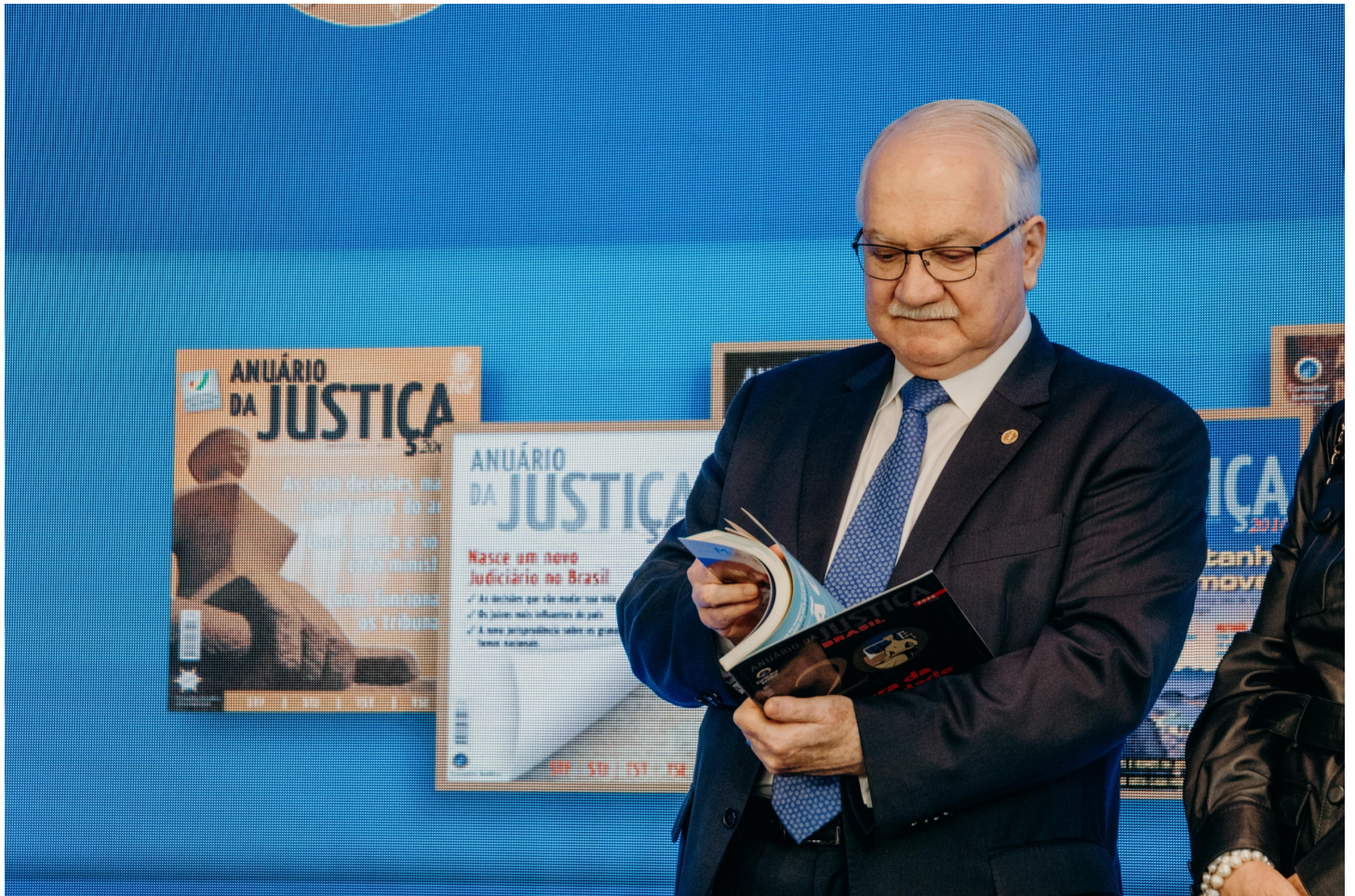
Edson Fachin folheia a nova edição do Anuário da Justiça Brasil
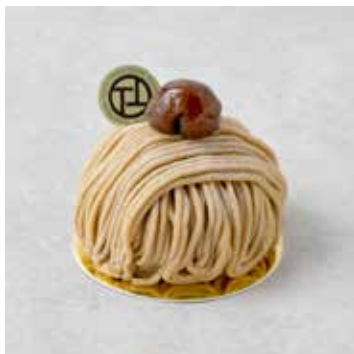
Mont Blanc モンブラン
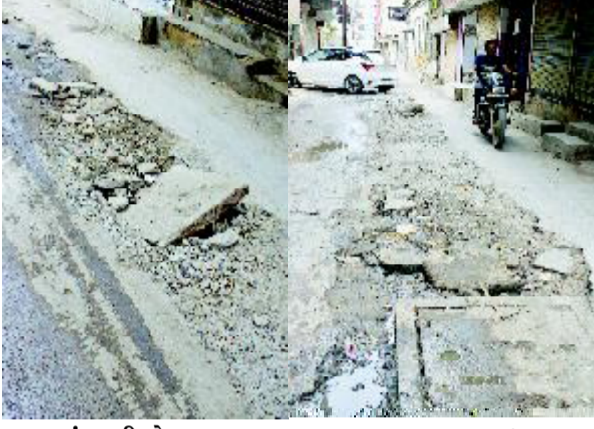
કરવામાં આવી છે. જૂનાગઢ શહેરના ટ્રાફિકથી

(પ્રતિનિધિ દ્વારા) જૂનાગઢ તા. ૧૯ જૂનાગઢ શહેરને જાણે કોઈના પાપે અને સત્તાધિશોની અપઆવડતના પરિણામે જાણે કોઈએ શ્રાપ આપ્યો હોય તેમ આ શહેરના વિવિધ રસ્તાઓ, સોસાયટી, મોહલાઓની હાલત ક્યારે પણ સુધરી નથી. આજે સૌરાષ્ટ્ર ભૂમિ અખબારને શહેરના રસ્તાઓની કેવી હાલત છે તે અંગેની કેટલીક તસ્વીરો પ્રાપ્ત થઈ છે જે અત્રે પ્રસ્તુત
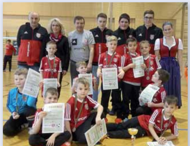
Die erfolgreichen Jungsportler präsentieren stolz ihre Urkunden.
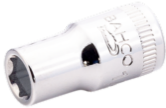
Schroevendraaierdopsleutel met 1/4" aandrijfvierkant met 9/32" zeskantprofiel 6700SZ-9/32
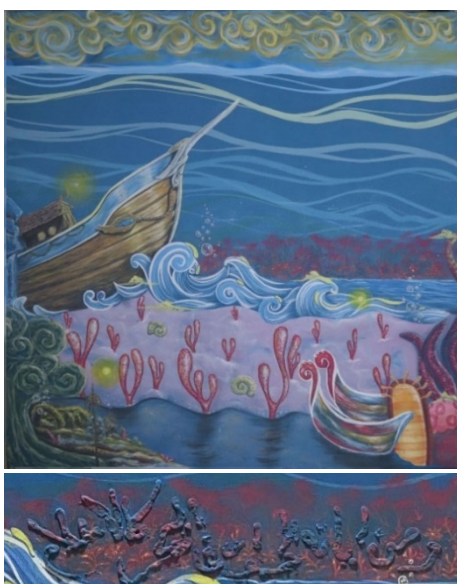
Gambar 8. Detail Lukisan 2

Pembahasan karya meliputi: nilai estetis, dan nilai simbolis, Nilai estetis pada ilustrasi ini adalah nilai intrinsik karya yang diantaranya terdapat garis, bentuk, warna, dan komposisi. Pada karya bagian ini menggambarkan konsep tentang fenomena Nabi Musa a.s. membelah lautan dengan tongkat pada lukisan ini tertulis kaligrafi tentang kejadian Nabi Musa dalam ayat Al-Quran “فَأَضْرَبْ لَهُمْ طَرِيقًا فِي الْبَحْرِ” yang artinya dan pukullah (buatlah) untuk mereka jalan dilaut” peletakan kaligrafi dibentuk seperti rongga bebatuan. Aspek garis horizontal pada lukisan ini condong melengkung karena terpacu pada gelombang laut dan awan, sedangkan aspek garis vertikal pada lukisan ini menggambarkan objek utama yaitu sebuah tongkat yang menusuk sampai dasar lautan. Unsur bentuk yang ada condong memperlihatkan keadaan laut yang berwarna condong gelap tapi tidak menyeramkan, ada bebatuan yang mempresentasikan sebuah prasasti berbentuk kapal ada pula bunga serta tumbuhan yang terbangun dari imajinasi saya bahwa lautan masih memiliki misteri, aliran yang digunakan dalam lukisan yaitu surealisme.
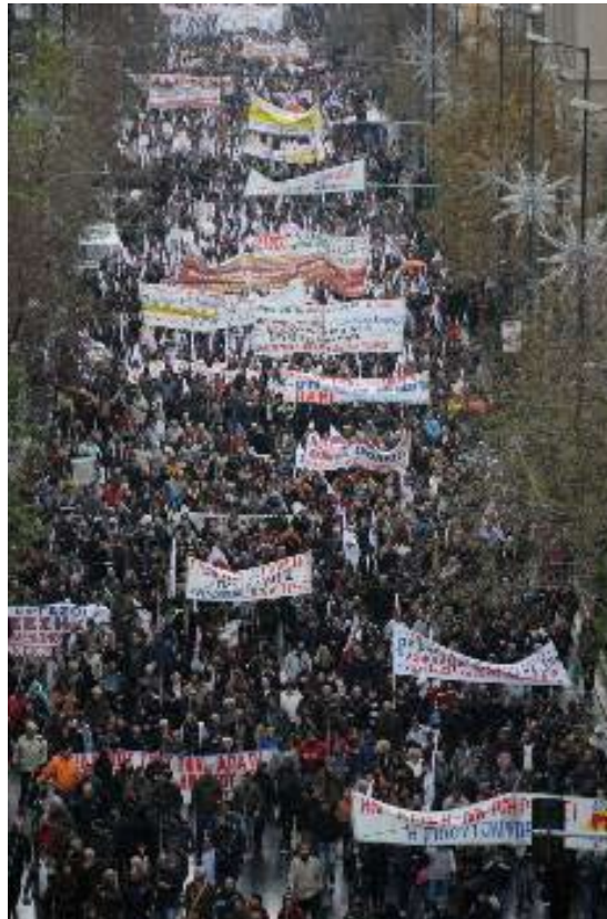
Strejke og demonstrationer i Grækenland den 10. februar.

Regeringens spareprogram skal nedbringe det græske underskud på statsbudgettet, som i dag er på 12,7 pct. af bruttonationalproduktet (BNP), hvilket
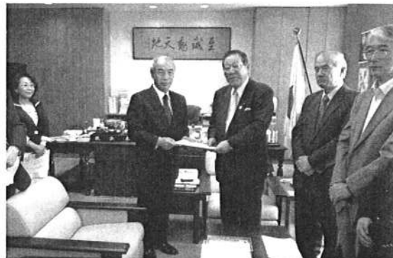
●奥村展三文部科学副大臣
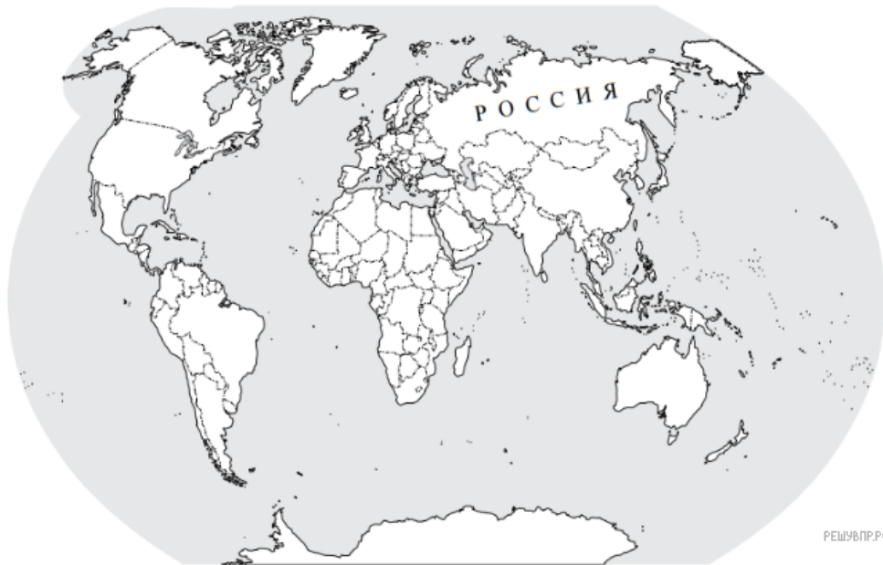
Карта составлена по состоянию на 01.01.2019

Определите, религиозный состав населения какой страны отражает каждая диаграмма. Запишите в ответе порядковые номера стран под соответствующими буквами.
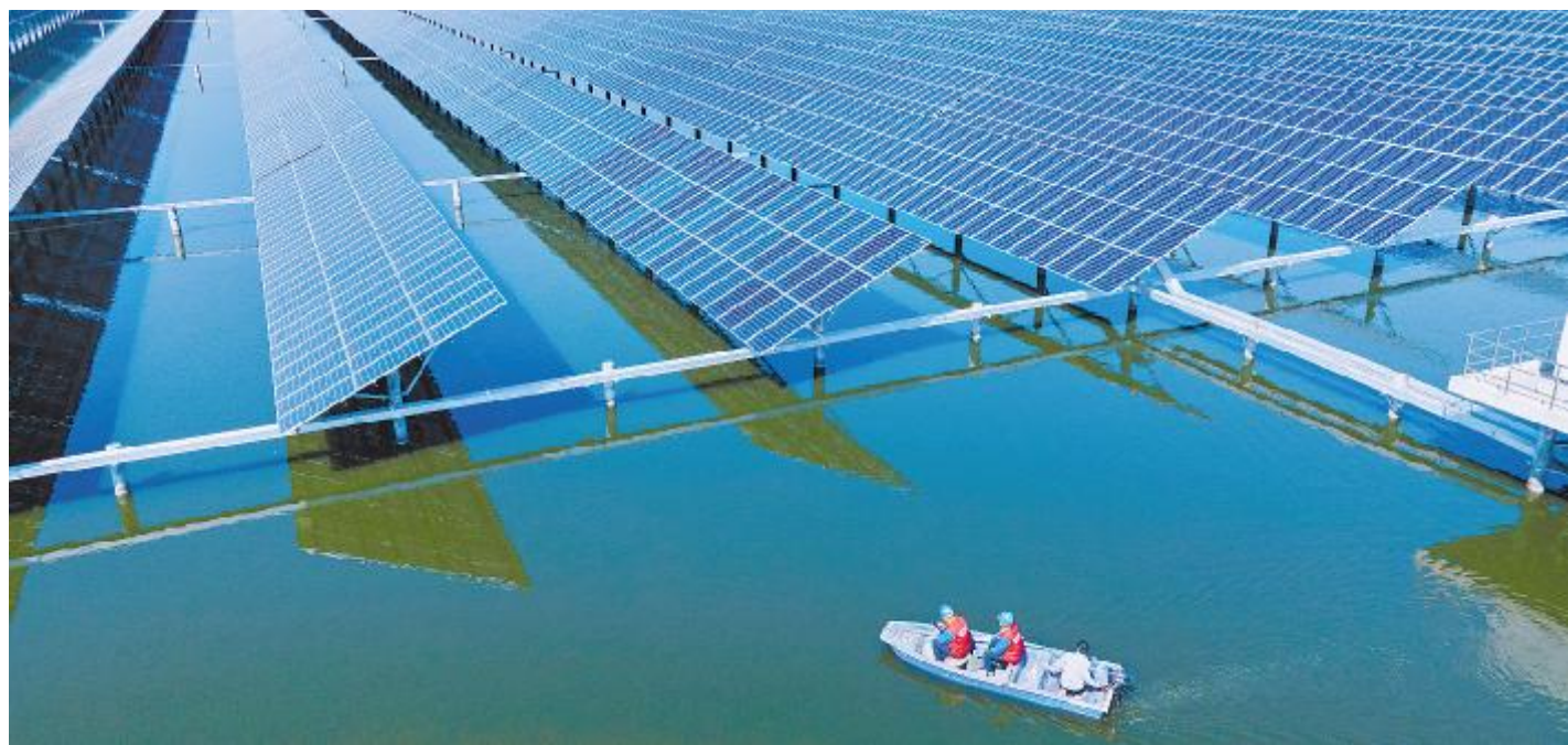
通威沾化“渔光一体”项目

#####

TRY IT:
Look back at the data above, then output exactly the lines from the line holding "Die erfolgreichen Jungsportler" up to and including the line holding "Gambar 8. Detail Lukisan 2". Leave out the pictures.

TASK OUTPUT:
Die erfolgreichen Jungsportler präsentieren stolz ihre Urkunden.
Schroevendraaierdopsleutel met 1/4" aandrijfvierkant met 9/32" zeskantprofiel 6700SZ-9/32
Gambar 8. Detail Lukisan 2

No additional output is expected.